Early in the weekend, whispers spread through the infield that NASCAR and NBC were looking to take down Confederate flags. That was enough to spur some outrage and misguided free-speech complaints (being private property, Darlington could forbid anything from the Confederate flag to Kyle Busch banners if it so desired). The track and NASCAR decided to enforce the already-in-place rule that all flags must come down while cars are running; it’s up to you to decide whether that enforcement was to protect spotters’ sight lines or present a less inflammatory image to television viewers. By the time the race started, virtually all flags of any kind were down in the infield; only a few holdouts waved the flag during the Southern 500’s opening laps.

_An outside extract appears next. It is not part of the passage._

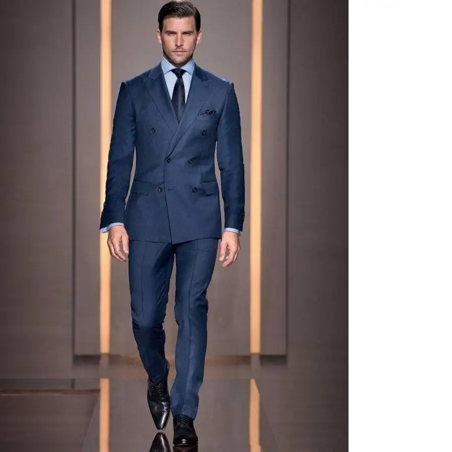 Italiaanse Stijl Navy Blue Bruidegom Tuxedos Double Breasted Slim

Absent an outright ban—which would whip up opportunistic anti-P.C. fury among even Americans who don’t know Jimmie Johnson from Jimmy Johnson—the flag won’t ever come down completely. But its presence, already waning in most of the South, will continue to recede. Anti-flag demonstrators will move on to other causes, and flag supporters, without the opposition to push against, won’t keep bringing the flags to races to make the same point, year after year. The farther the flag recedes from public spaces, the more it becomes a historical abstraction.
Hell, even Dale Earnhardt flags are dwindling in number. If Earnhardt flags can fade from NASCAR infields … anything can.